TASK TO CARRY OUT: In the material below, the lines from the one containing "Atelier de fabrication de fusibles" through the one containing "Cette usine, qui" are to be given again exactly, ends included, and no others.

TASK INPUTS:
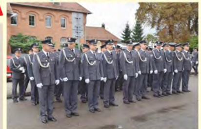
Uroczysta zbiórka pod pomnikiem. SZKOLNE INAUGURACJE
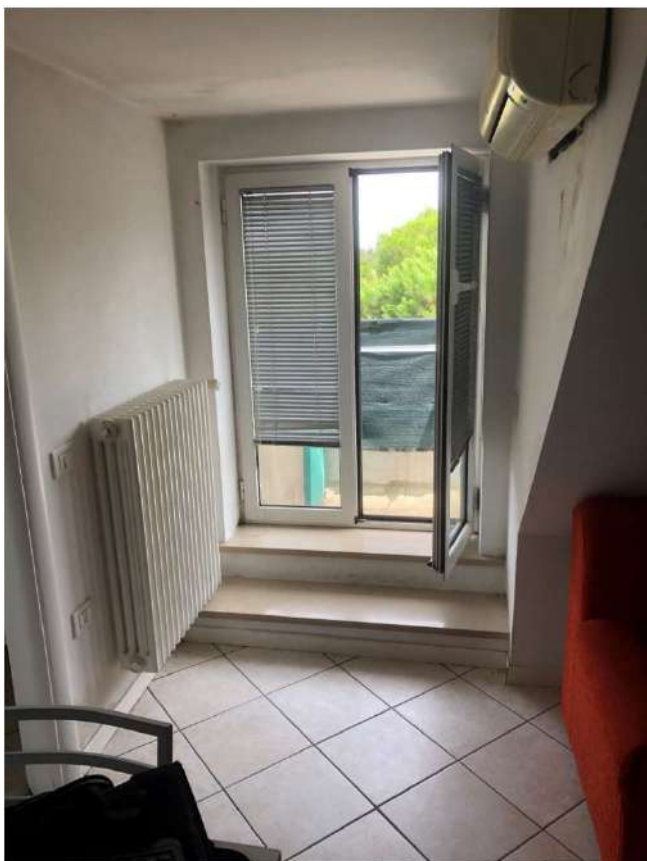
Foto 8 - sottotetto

...

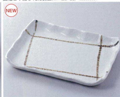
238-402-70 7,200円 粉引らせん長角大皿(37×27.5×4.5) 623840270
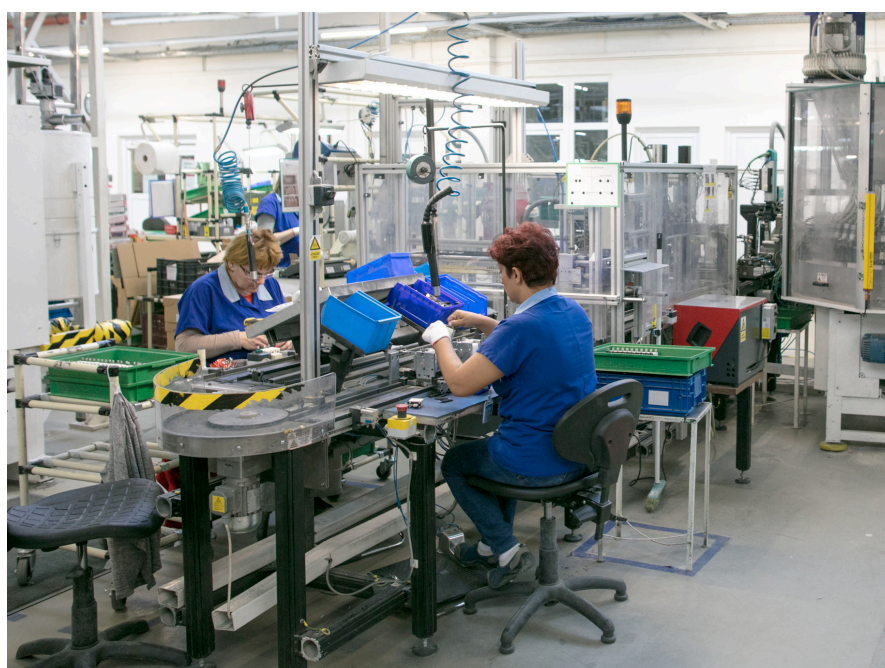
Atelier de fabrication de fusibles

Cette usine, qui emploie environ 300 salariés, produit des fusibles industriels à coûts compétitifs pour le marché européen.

RESPONSE TO THIS EXERCISE:
Atelier de fabrication de fusibles

Cette usine, qui emploie environ 300 salariés, produit des fusibles industriels à coûts compétitifs pour le marché européen.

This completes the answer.